I am really trying to digest this paper, but the more I read it again, the more I realize that I never fully understood it.
Basically, I am trying to get an example where I can check the similarities between (28) and (29) to see I am doing things properly.
Here are some important parts that I am try to follow:
- Eq 28 and Eq 29
- I am using DCT-II as $T_a$ and $T_b$ and iDCT-I as $T_c$. Thus according to the paper, I must use the extensions HSHS on both $x$ and $y$, them the output will be a circular convolution of their extended versions
- Then, we should be able to match this output by applying a multiplication operations on DCT representation of their unextended versions.
- However, when I get to reproduce this, I don't see this resemblance.
- There is no window $\mathcal{R}(n)$ I could extract from the first output bellow, that would match the second one.

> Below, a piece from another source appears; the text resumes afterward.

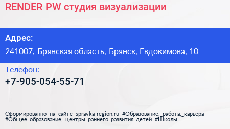 RENDER.PW, студия визуализации по адресу 241007, Брянская область, Брянск, Евдокимова, 10 в дальнейшем Организация, размещена в следующих категориях:
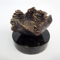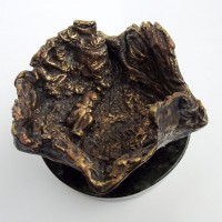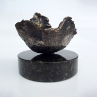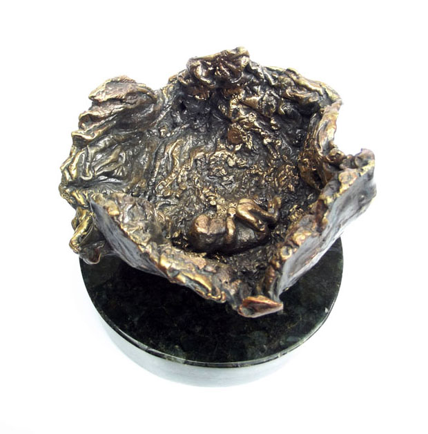 Descrição: Escultura de bronze. Concha com 1 bebê. Peça em equilíbrio com movimento de pião, girando ao redor de seu próprio eixo sobre base circular de granito.

- It could be that the output values using the transforms would needed to be scaled, somehow, but even doing so, it would not change their shape in the plot, which I am using to compare both outputs.
- According to the paper, I should get an extra sample on the approach using the transforms, since it outputs on the interval [-1, N-1], I am also not sure where that comes from.
In short: How to properly interpret and demonstrate this correspondence between (28) and (29) this combination of $T_a = T_b = \text{DCT-II}$ and $T_c = \text{DCT-I}$?